Satanic Tyrant Werewolf: I sought to create an even more morbid, dismal and dark album compared to the previous one. Something that would reflect the european shadow soul in a totally different way and wander deeper into the darkness of forgotten tales, fears and things that are only seen by the light of Satan’s eye.

THKD: Your last full-length, Carellian Satanist Madness, came out in 2005. Why the long wait between albums?

STW: Each time a new era for this creation has been at hand, I have contemplated the reasons to go on, and each time I have rejuvenated the idea and gone through changes that might not be seen superficially, but are crucial to pursue new horizons once more. This time I wanted to take my time to create something I would be satisfied with again, musically, lyrically and also in terms of general presentation and productions.

THKD: The production of Nachzehrer sounds much more raw than Carelian Satanist Madness or other more recent Satanic Warmaster recordings such as the Revelation ep. Was this intentional?

STW: For me the production on “Nachzehrer” is far from raw, and knowing the hours I put into the forging, it is far from “raw” in my perspective. The dismal storm that is the soundscape of “Nachzehrer” turned out very much like I visioned it to be.

THKD: When and where was the album recorded? What was your mindset going into/during the recording sessions?

STW: The album was recorded at the Satanic Metal Temple during one full year between 2009 and 2010. All possible mindsets were present during the recording at one point or another.

THKD: The songs on Nachzehrer are of course rooted in traditional black metal, but they have some very catchy moments that could almost be described as rock or punk. What inspired this?

STW: My music has always had the certain hard-hitting and catchy edge, so I don’t consider it as a new aspect in any way. There weren’t any particular inspirations to do this as this is the way I’ve always wanted it to be.

THKD: Many of your songs refer to vampires and werewolves. Why are these particular images/ideas so important to Satanic Warmaster?

STW: They reflect traits that are also present in Satanic Warmaster, the wolf in man who takes what he needs driven by unearthly hunger and the vampire who feeds upon the suffering of the weak.

THKD: What are some of the other lyrical themes being explored on Nachzehrer?

STW: Satan, Lycanthropy, Vampirism, Strife, Necromancy and Death.

THKD: What does “Satan” mean to you? Do you think black metal is an inherently Satanic form of music?

STW: Satan is the light I grow towards.
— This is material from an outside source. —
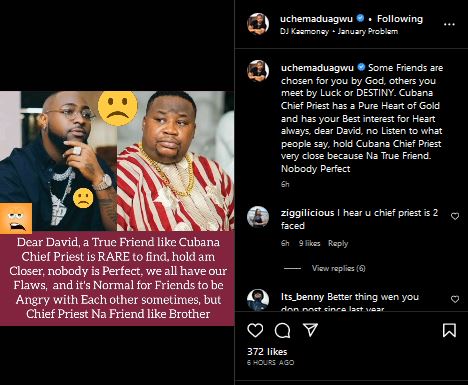 Nonetheless, Uche Maduagwu pleaded with Davido in a fresh post to let his friend back in, as he is one of the real ones.

Yes, Black Metal is Satanic.

THKD: Aside from occasional session musicians, Satanic Warmaster has always been a solo project. Why do you prefer to work alone? Were any session musicians involves with Nachzehrer?

STW: Satanic Warmaster is my vision, thus I walk alone in that sense. There were session members on the album.

THKD: You’ve released Nachzehrer on your own Werewolf Records. Why put the album out yourself instead of working with an established label?

STW: Werewolf records IS an established label.

THKD: In spite of the 5 years between albums, you’ve put out a string of EPs, splits, etc over the past several years. How do you stay so prolific?

STW: A single song on a split 7” now and then hardly makes anyone prolific.

THKD: You’re involved in numerous projects aside from Satanic Warmaster. Is it difficult to juggle so many different bands? How do you decide when it is time for Satanic Warmaster?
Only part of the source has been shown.